General Motors Co. surprised Wall Street by predicting steady profit this year and an earnings jump in 2019, bolstered by an overhauled fleet of crossovers and a new generation of pickups.
Earnings this year will be consistent with GM’s expectations for record adjusted profit of as much as $6.50 a share for 2017, according to a statement. Analysts were projecting earnings would fall to $5.93 a share in 2018 as the largest U.S. automaker loses production of lucrative Chevrolet Silverado and GMC Sierra trucks in the midst of a major overhaul.
The forecast could boost confidence in GM’s ability to handle an era of upheaval for the auto industry. The carmaker is girding for a future of self-driving and electric vehicles without compromising the success of the sport utility vehicles and pickup models that bring in the bulk of its profit now. A revamped line of crossovers including the Chevrolet Equinox and GMC Terrain will help dealers cope with a costly changeover to new Chevy Silverado and GMC Sierra pickups hitting the market later this year.
“We are positioned for another strong year in 2018 and an even better one in 2019,” CEO Mary Barra said, which didn’t provide detailed guidance for results next year.
Results will benefit this year from new crossover SUVs like the compact Chevrolet Equinox and larger Chevy Traverse. This will be the first full year of production for both models, GM’s North American President Alan Batey said in an interview at the Detroit auto show. Prices on the Traverse were $8,000 a vehicle more in December than a year earlier, Batey said.
GM also expects its full-size pickup program will continue to grow profits in 2019. The company hasn’t been able to make enough of the four-door crew cab pickups, which make fat margins, but the new Chevy Silverado and GMC Sierra will have no such constraints, GM said in a slide presentation. The company said it also expects its Cadillac luxury brand will double 2017 profits by 2021, though the slide presentation didn’t put a dollar figure on the division’s earnings.
Since 2012, the average prices of GM’s pickups have risen from about $38,000 to almost $46,000, and prices should continue to rise, GM said in the presentation, noting that “a multi-billion opportunity remains.”

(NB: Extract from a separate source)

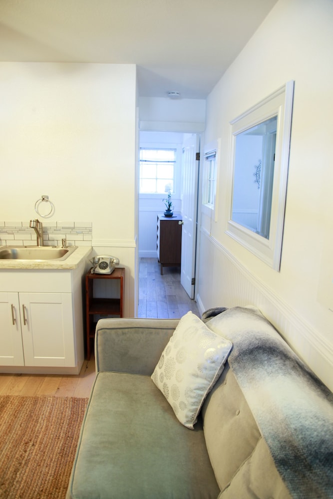 Liked the location: close to the ocean, Bodega Bay, Armstrong Redwoods, Russian River and Guerneville. But, the parking lot was very small and what we missed was a table and chair in the room to eat a meal and do computer.

The U.S. tax bill will deliver a cash and profit benefit to GM starting in 2018, according to a regulatory filing. The automaker will take a $7 billion write-down for the fourth quarter of 2017 because its deferred tax assets will be worth less under the reduced corporate tax rate, spokesman Tom Henderson said.
GM has vowed to test a self-driving Chevy Bolt without a steering wheel or pedals next year and roll out 20 all-electric vehicles by 2023. The company kicked off the Detroit auto show this week by revealing the new Silverado in a bid to grab market share in a segment that still dominates American showrooms, despite all the buzz about electrification and autonomy.
The carmaker said it will spend about $1 billion on Cruise Automation this year, the San Francisco-based unit that developed the self-driving Chevy Bolt electric car. Most of that is engineering spend, GM President Dan Ammann said. That means most of GM’s $8.5 billion capital spending budget for this year will go toward developing new models.